Source data: Begin

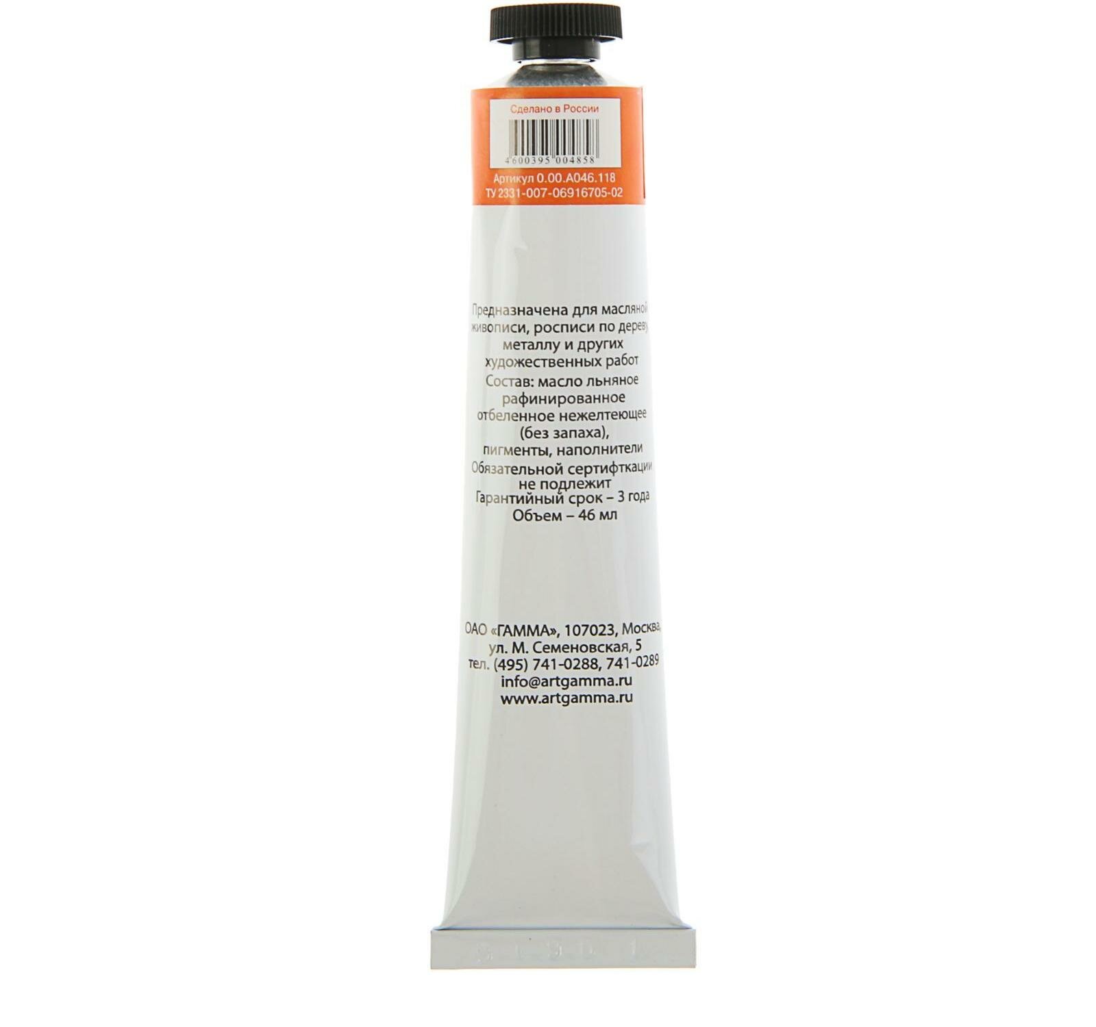 Гамма Краска масляная художественная "Студия", 46мл, туба, кадмий оранжевый (имит.)
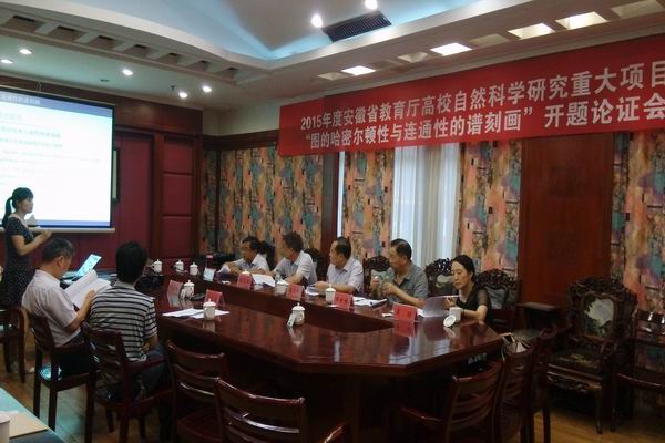 8月15日下午,由公司余桂东教授主持的2015年度安徽省教育厅高校自然科学研究重大项目“图的哈密尔顿性与连通性的谱刻画”开题论证会在安庆师范公司学术报告厅举行。江苏师范大学科技与产业部常务副部长、科技处处处长苗正科教授,安徽理工大学发规处处长殷志祥教授,安庆师范公司财务处王世林处长、团队建设与研究生教育处处长钟金标教授、科研处处长吴琼教授等专家,以及安徽大学数学公司经理范益政教授等项目组主要成员出席了论证会。会议由安庆师范公司数学与计算科学公司经理叶淼林教授主持。
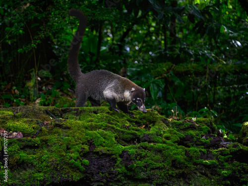 Naklejka premium White-nosed Coati foraging on mossy stone
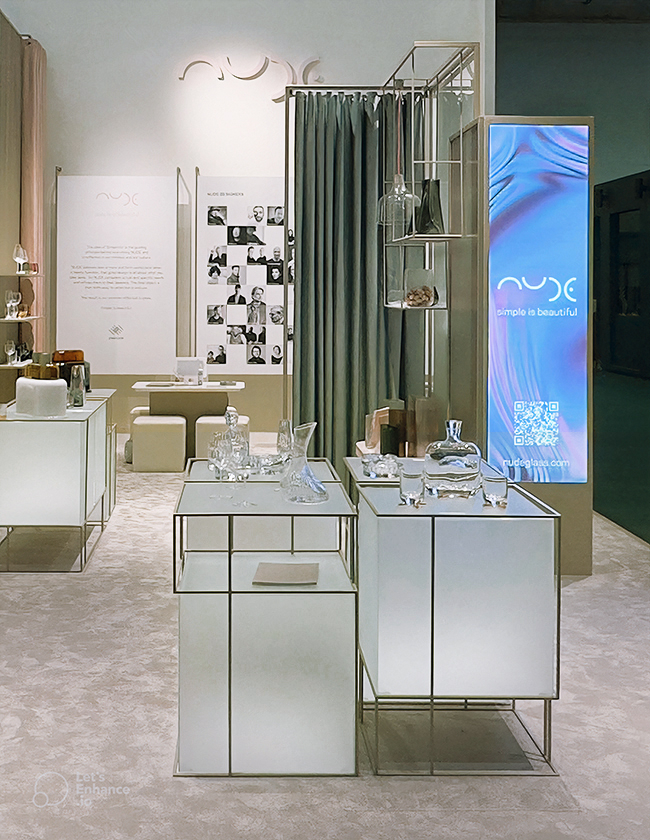 Sergileme sahnesinin oluşturduğu ambiyans, saf güzelliğin ve sadeliğin benzersiz Nude detaylarıyla zenginleştirildiği; duyuları ve hayalleri harekete geçiren modern bir tasarım stratejisiyle kurgulandı. Camın büyülü zerafeti, metalin yalın mimarisi ve kadifenin şık dokusu ile rafine malzemeler bütünsel bir denge ve uyum içinde bir araya getirildi.
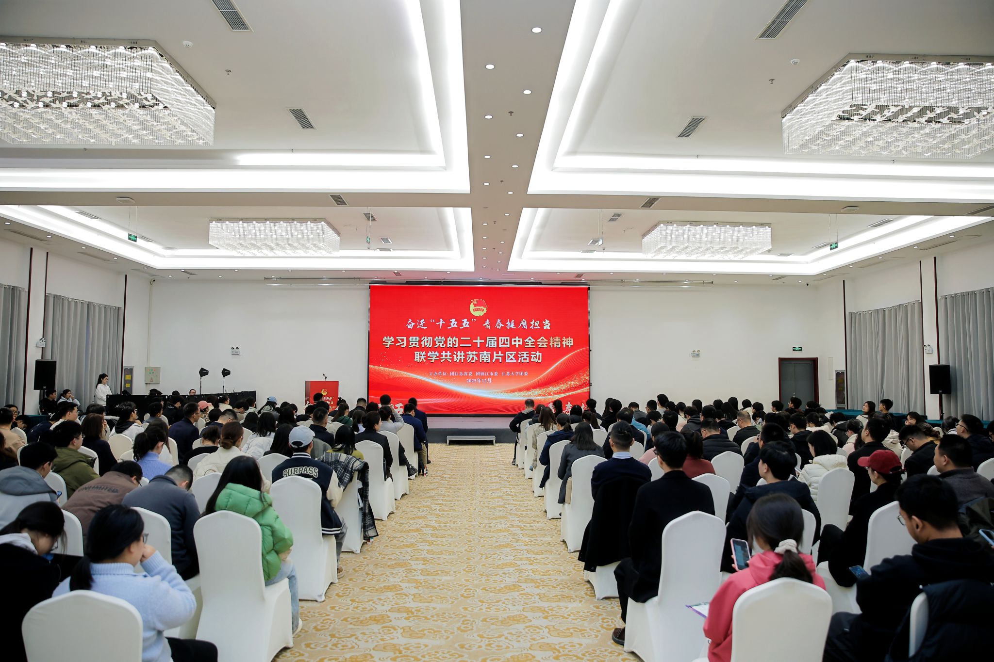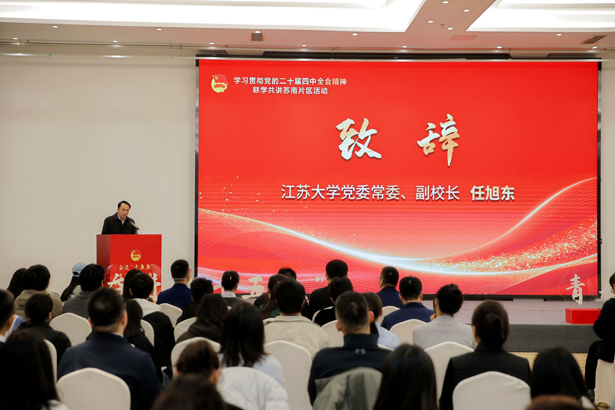 12月9日,学习贯彻党的二十届四中全会精神联学共讲苏南片区活动在镇江举办。活动由团江苏省委、团镇江市委、开云电子入口_开云(中国)共同主办。团省委副书记翟胜丞,校党委常委、副校长任旭东,团省委宣传部部长董悦、新媒体发展中心主任孙洪洋,南京、无锡、常州、苏州、镇江等5市团委分管书记、宣传部长,以及青年讲师团代表、团干部代表、青年师生代表等200余人参加活动。
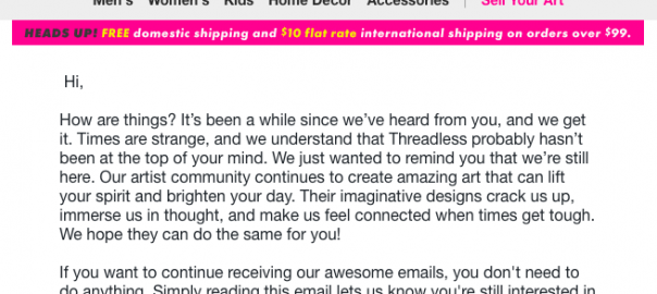 Here’s an example of a creative email from Threadless, asking if the recipient is still interested in getting their campaigns.
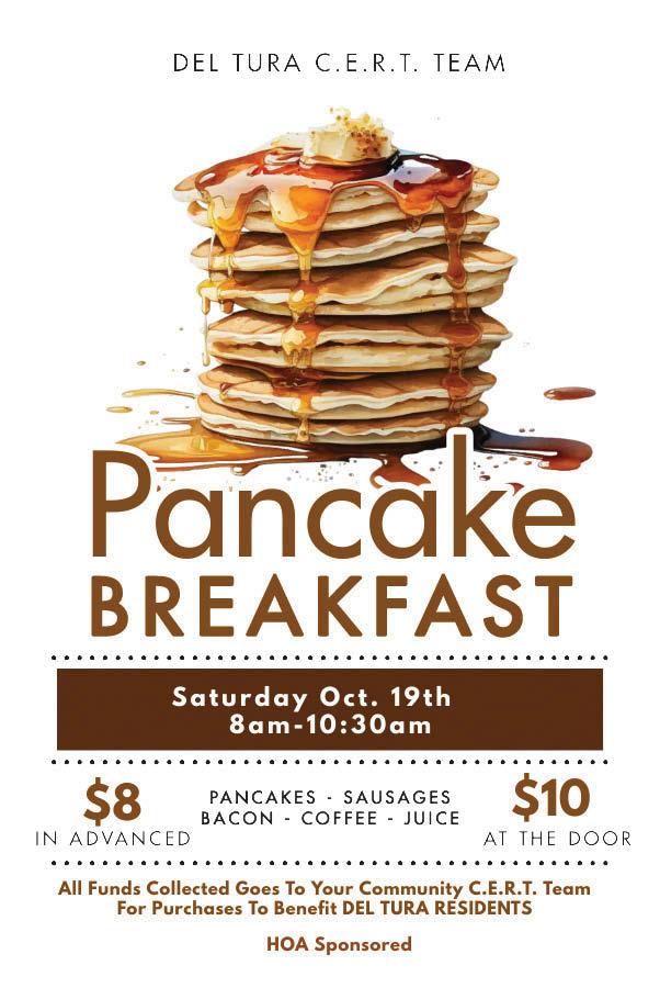CERT will be hosting a Pancake Breakfast along with the Del Tura HOA on October 19th from 8am until 10:30 am. Tickets will go on sale on October 1 st at Tuesday Coffee. Profits will go to the CERT team for future purchases of equipment to benefit the community.

Source data: End

Task description - Set down exactly, and only, the lines from the one containing "Sergileme sahnesinin oluşturduğu" through the last line of the entries. Pictures do not belong in the copy.

Reply to the task -
 Sergileme sahnesinin oluşturduğu ambiyans, saf güzelliğin ve sadeliğin benzersiz Nude detaylarıyla zenginleştirildiği; duyuları ve hayalleri harekete geçiren modern bir tasarım stratejisiyle kurgulandı. Camın büyülü zerafeti, metalin yalın mimarisi ve kadifenin şık dokusu ile rafine malzemeler bütünsel bir denge ve uyum içinde bir araya getirildi.
 12月9日,学习贯彻党的二十届四中全会精神联学共讲苏南片区活动在镇江举办。活动由团江苏省委、团镇江市委、开云电子入口_开云(中国)共同主办。团省委副书记翟胜丞,校党委常委、副校长任旭东,团省委宣传部部长董悦、新媒体发展中心主任孙洪洋,南京、无锡、常州、苏州、镇江等5市团委分管书记、宣传部长,以及青年讲师团代表、团干部代表、青年师生代表等200余人参加活动。
 Here’s an example of a creative email from Threadless, asking if the recipient is still interested in getting their campaigns.
CERT will be hosting a Pancake Breakfast along with the Del Tura HOA on October 19th from 8am until 10:30 am. Tickets will go on sale on October 1 st at Tuesday Coffee. Profits will go to the CERT team for future purchases of equipment to benefit the community.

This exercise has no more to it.